Policy Evaluation and Temporal-Difference Learning in Continuous Time and Space: A Martingale Lens 

Abstract:

We propose a unified framework to study policy evaluation (PE) and the associated temporal difference (TD) methods for reinforcement learning in continuous time and space. Mathematically, PE is to devise a data-driven Feynman–Kac formula without knowing any coefficients of a PDE. We show that this problem is equivalent to maintaining the martingale condition of a process. From this perspective, we present two methods for designing PE algorithms. The first one, using a “martingale loss function”, interprets the classical gradient Monte-Carlo algorithm. The second method is based on a system of equations called the “martingale orthogonality conditions”. Solving these equations in different ways recovers various classical TD algorithms, such as TD, LSTD, and GTD. We apply these  results to option pricing and portfolio selection. This is a joint work with Yanwei Jia.  

Biography:

Xunyu Zhou is the Liu Family Professor of Financial Engineering and the Director of Nie Center for Intelligent Asset Management at Columbia University. He was the Nomura Professor of Mathematical Finance at University of Oxford before joining Columbia in 2016.
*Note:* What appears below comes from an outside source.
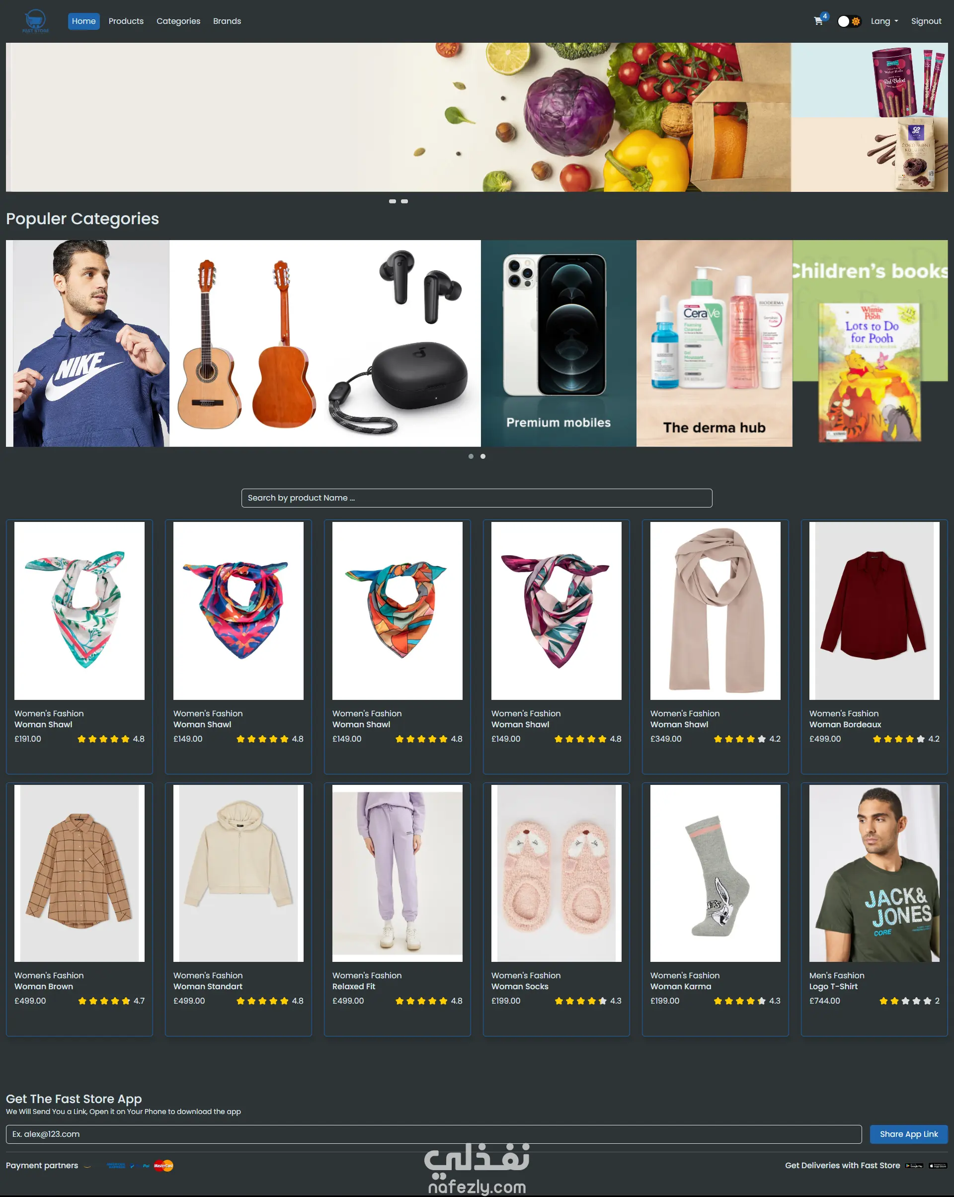 تم تطوير متجر إلكتروني احترافي بتصميم عصري وسرعة عالية في الأداء. الموقع يعرض المنتجات بطريقة منظمة مع إمكانية البحث والتصفح بسهولة من جميع الأجهزة، ويدعم اللغتين العربي والإنجليزي. الخصائص والمميزات: تصميم متجاوب بالكامل يعمل بسلاسة على الموبايل والكمبيوتر. عرض المنتجات حسب التصنيفات والعلامات التجارية. بحث سريع عن المنتجات بالاسم أو القسم. نظام تقييم المنتجات وعرض متوسط التقييم. سلايدر ديناميكي للفئات والعروض المميزة. دعم لغتين (عربي / إنجليزي). عرض طرق الدفع والشركاء في أسفل الصفحة. إمكانية إرسال رابط تحميل التطبيق عبر البريد الإلكتروني. أداء سريع وتجربة مستخدم سلسة بفضل الدمج بين Angular وPHP. التقنيات المستخدمة: Front-End: Angular 17, TypeScript, HTML5, SCSS, PrimeNG Back-End: PHP (Laravel / Native PHP) Database: MySQL

His research covers stochastic control, dynamic portfolio selection, asset pricing, behavioral finance, and time inconsistency. Currently his research focuses on continuous-time reinforcement learning and applications to optimization broadly and to wealth management specifically. He is a recipient of the Wolfson Research Award from The Royal Society, the Outstanding Paper Prize from SIAM, the Alexander von Humboldt Research Fellowship, and the Croucher Senior Research Fellowship. He was an invited speaker at the 2010 International Congress of Mathematicians, a Humboldt Distinguished Lecturer at Humboldt University and an Archimedes Lecturer at Columbia. He is both an IEEE Fellow and a SIAM Fellow.

Xunyu Zhou received his PhD in Operations Research and Control Theory from Fudan University in 1989.